Any speaking which is to be effective must secure and hold the attention of the audience. This is simply another way of saying that the visual and auditory stimuli which the speaker is furnishing must be given a clear right of way so that they can dominate and control the responses of the reactor. Any one listening to and observing a speaker is being bombarded simultaneously by many stimuli, and the speaker's supreme obligation, as well as his greatest opportunity, is to contrive in some way to make the stimuli which he is furnishing more potent and effective than all others in the speech situation. If the speaker can do this, there is literally no limit to what he may achieve. If he cannot do this to some extent, he cannot do anything in speech. This principle seems obvious enough, and, yet, if you study most of the speakers you know, you will see that they frequently disregard it completely.
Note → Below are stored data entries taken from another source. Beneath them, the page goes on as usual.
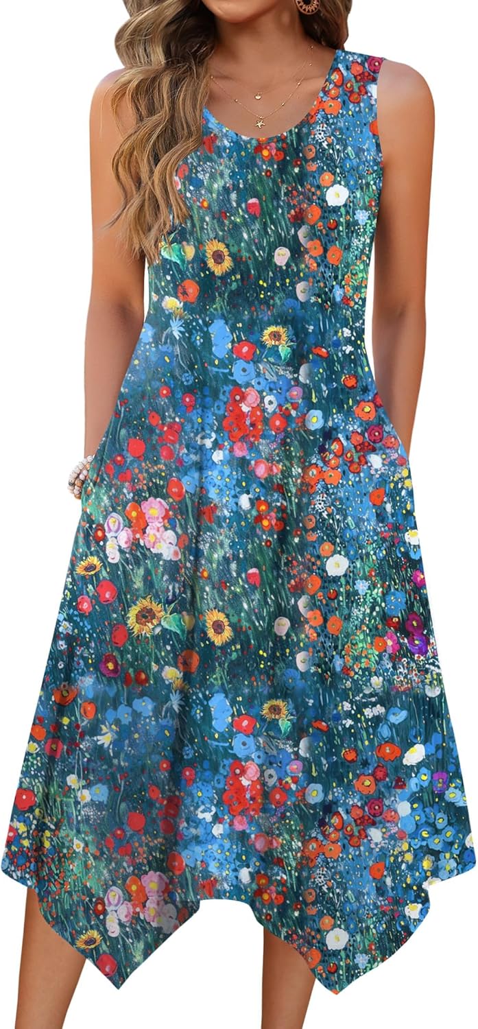 Zeagoo Womens Casual Dress for Summer Tank Dress Loose Flowy Beach Dress with Pockets Hankerchief Flare Midi Sundress 2026
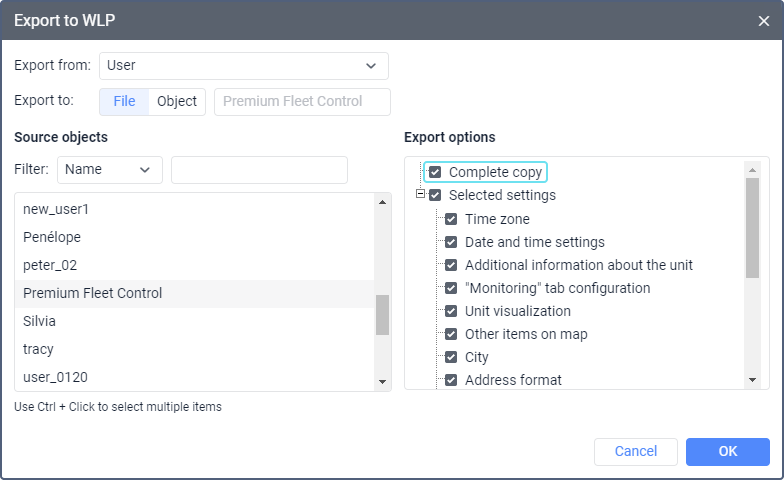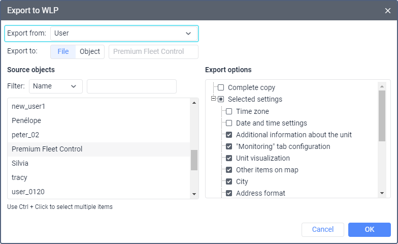 To export user settings, select the Export to WLP item in the user menu and select User in the Export from drop-down list. See a detailed guide here.
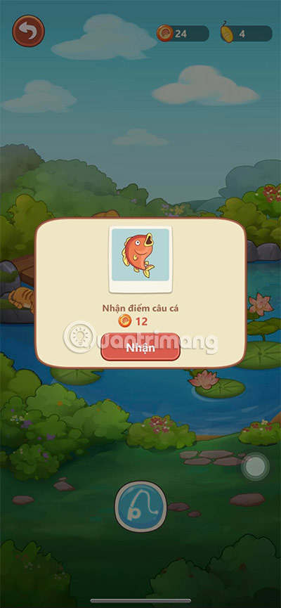 Sau đó, công việc bạn cần làm là để cá cắn câu và giựt mạnh cần câu lên để nhận thưởng bằng cách chọn biểu tượng con cá màu đỏ.
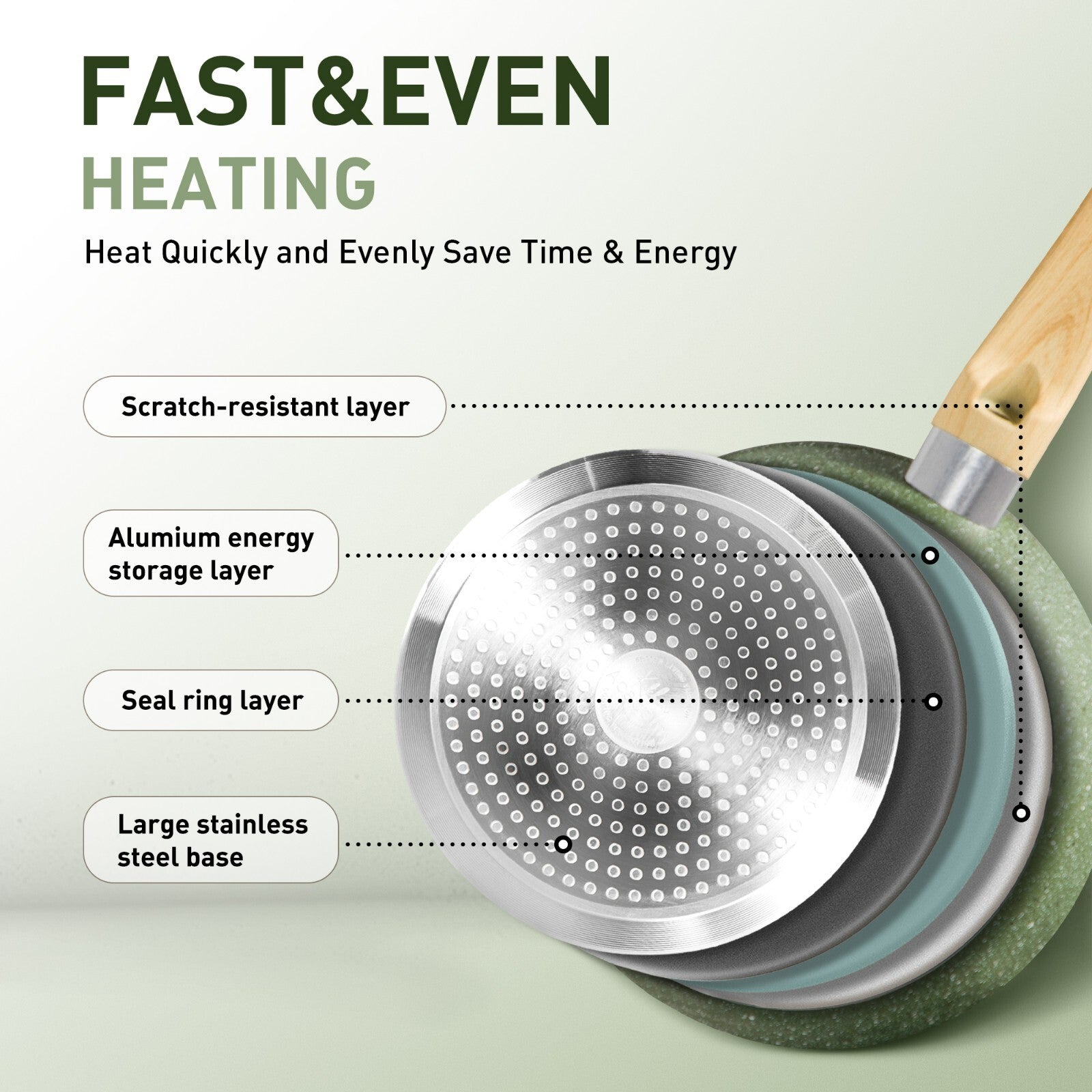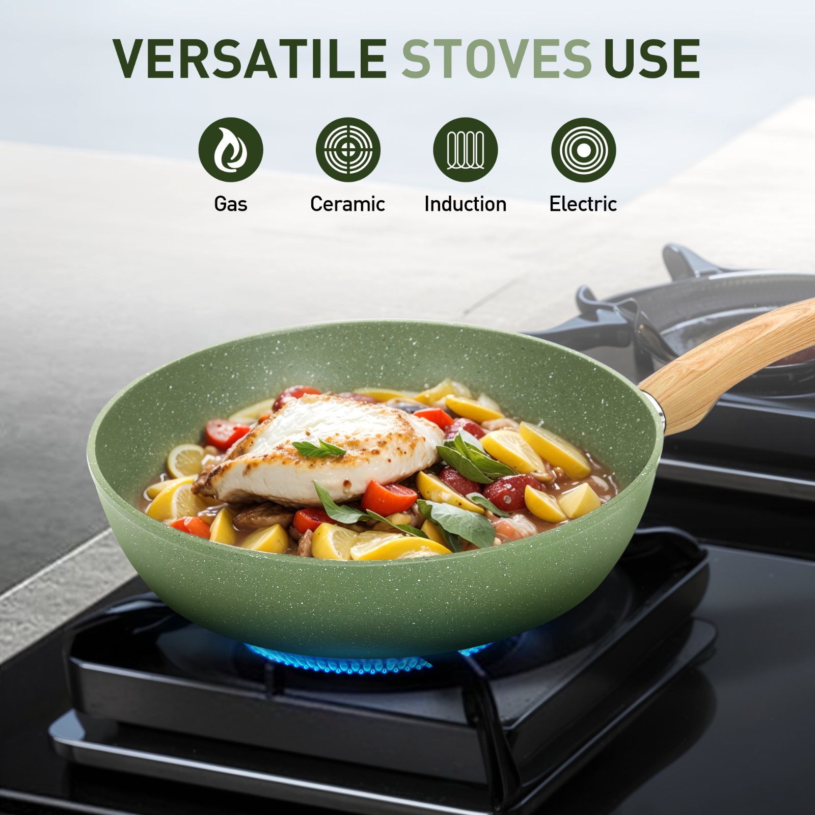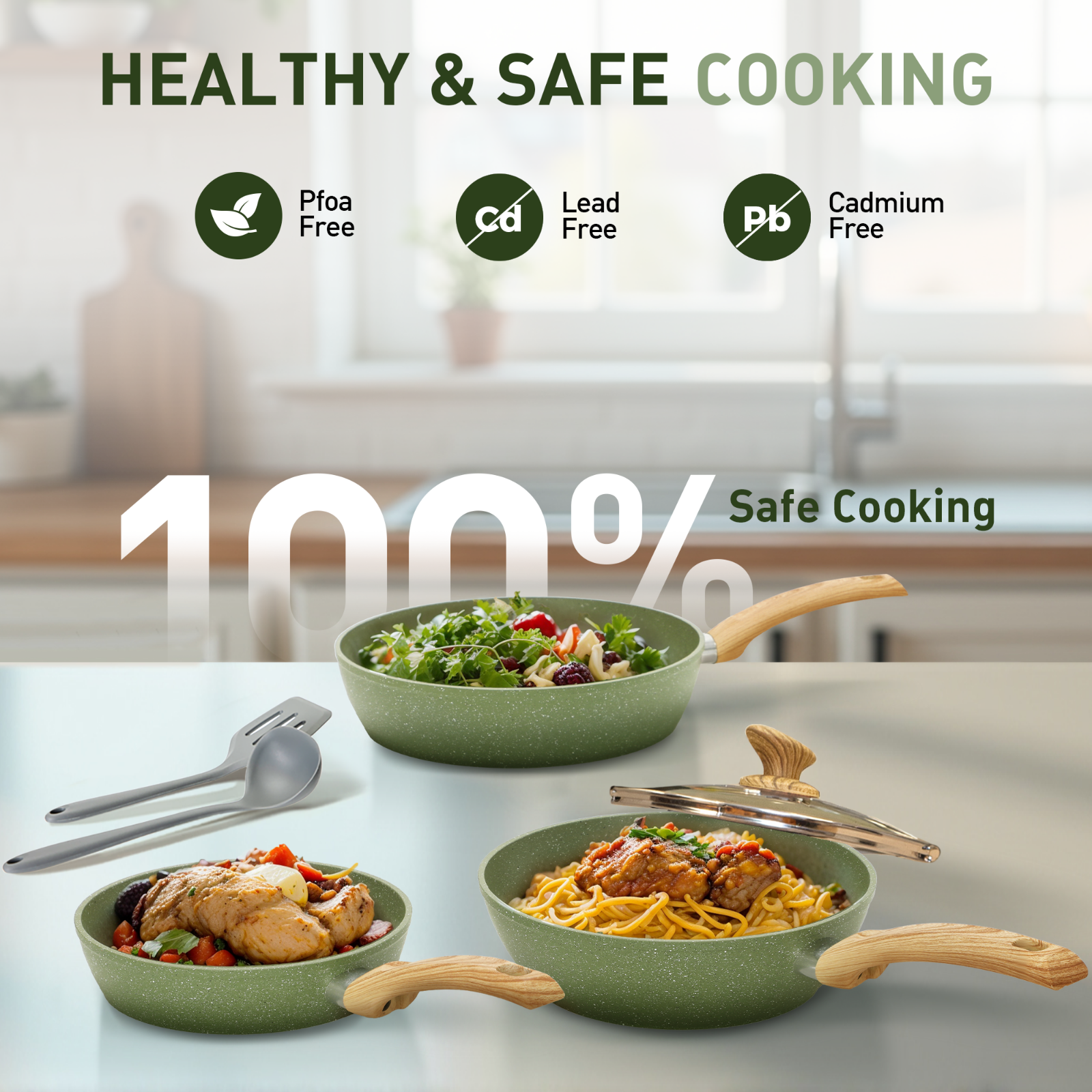 12 Pieces Nonstick Hammered Granite Green Kitchen Cookware Cooking Pots Pans Set
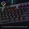 - Enjoy 40 hours of game time on a single charge. Low battery warnings at 15% on the keyboard battery LED and via pop-up notification in the Logitech G HUB software. Quickly recharges in 3 hours.
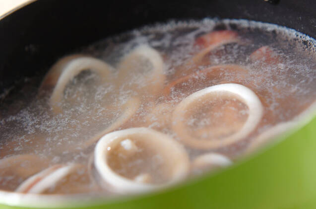 たっぷりの熱湯に<下処理>の白ワインと塩を入れてイカを加え、白っぽくなったらすぐに引き上げ冷ましておく。
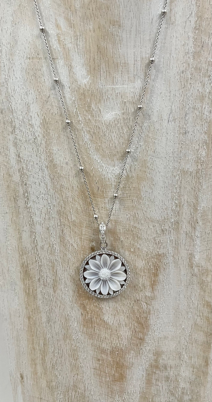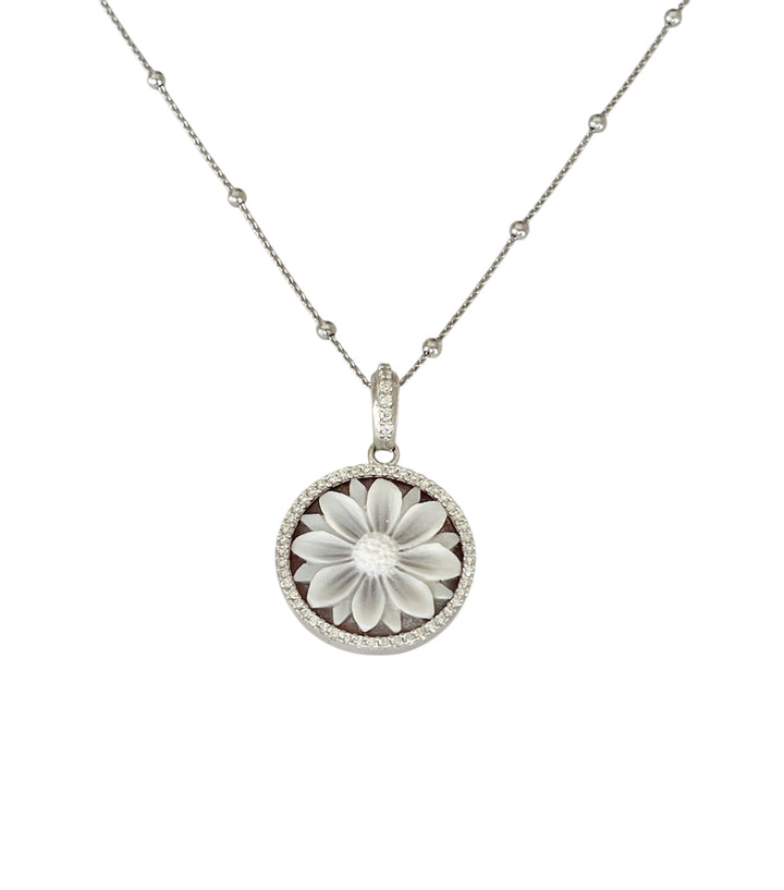 Un gioiello che racchiude la grazia del passato e la luce del presente. Il cameo sardonico, interamente inciso a mano, rivela la delicatezza di un fiore scolpito con maestria, simbolo di femminilità ed eleganza senza tempo. La montatura in argento 925 rodiato, impreziosita da una luminosa cornice di zirconi, esalta ogni dettaglio dell’incisione, donando al gioiello una raffinatezza contemporanea.

Somehow the speaker seems to imagine that all he has to do is to speak and leave it to the audience to do whatever may be necessary to get his precious meanings. As an example of this, we may cite an incident which occurred in a university faculty meeting one night. One of the professors had been delivering a long, somewhat tiresome argument in support of a proposal which he was laying before the faculty. Upon the conclusion of his remarks another member of the faculty said rather testily, "I don't get your argument at all." The speaker retorted, "Well, all I can do is to state the argument."